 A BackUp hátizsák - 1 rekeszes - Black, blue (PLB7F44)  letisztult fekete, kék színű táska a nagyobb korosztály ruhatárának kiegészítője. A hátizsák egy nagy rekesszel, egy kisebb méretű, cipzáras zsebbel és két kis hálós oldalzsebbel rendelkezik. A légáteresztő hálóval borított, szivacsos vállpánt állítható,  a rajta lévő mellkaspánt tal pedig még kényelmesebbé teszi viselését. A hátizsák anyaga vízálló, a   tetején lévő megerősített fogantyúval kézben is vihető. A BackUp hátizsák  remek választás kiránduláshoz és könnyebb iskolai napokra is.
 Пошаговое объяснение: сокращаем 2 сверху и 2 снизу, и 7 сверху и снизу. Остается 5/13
==
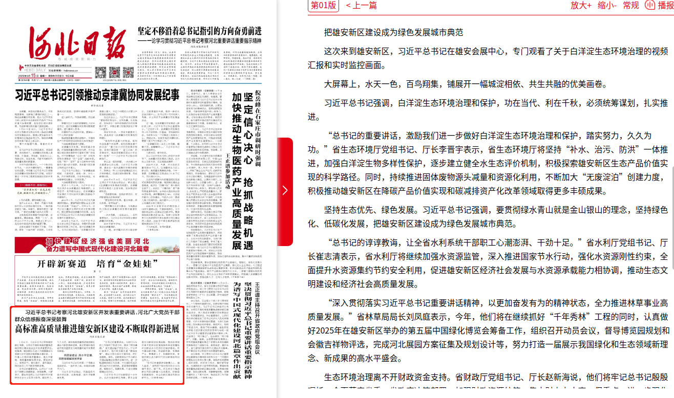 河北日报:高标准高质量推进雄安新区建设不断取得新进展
==
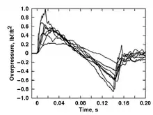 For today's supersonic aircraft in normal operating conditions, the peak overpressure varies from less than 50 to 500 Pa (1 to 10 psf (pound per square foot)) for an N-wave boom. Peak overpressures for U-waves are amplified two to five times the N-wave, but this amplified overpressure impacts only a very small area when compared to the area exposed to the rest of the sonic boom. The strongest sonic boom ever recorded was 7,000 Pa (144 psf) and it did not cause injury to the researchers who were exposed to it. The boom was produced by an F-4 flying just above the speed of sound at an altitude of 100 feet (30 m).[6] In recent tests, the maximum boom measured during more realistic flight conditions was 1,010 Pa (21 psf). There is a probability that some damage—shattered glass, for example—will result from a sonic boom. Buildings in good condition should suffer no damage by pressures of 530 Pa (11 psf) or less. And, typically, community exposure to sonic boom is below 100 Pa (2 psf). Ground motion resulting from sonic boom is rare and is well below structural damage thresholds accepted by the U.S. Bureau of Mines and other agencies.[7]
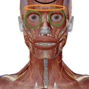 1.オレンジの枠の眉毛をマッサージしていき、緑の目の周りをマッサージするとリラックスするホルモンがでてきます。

▸ **Work request**:
Reproduce the entries above exactly, but only the lines between the line holding "A BackUp hátizsák - 1" and the line holding "Пошаговое объяснение: сокращаем", inclusive.

▸ **Exercise result**:
 A BackUp hátizsák - 1 rekeszes - Black, blue (PLB7F44)  letisztult fekete, kék színű táska a nagyobb korosztály ruhatárának kiegészítője. A hátizsák egy nagy rekesszel, egy kisebb méretű, cipzáras zsebbel és két kis hálós oldalzsebbel rendelkezik. A légáteresztő hálóval borított, szivacsos vállpánt állítható,  a rajta lévő mellkaspánt tal pedig még kényelmesebbé teszi viselését. A hátizsák anyaga vízálló, a   tetején lévő megerősített fogantyúval kézben is vihető. A BackUp hátizsák  remek választás kiránduláshoz és könnyebb iskolai napokra is.
 Пошаговое объяснение: сокращаем 2 сверху и 2 снизу, и 7 сверху и снизу. Остается 5/13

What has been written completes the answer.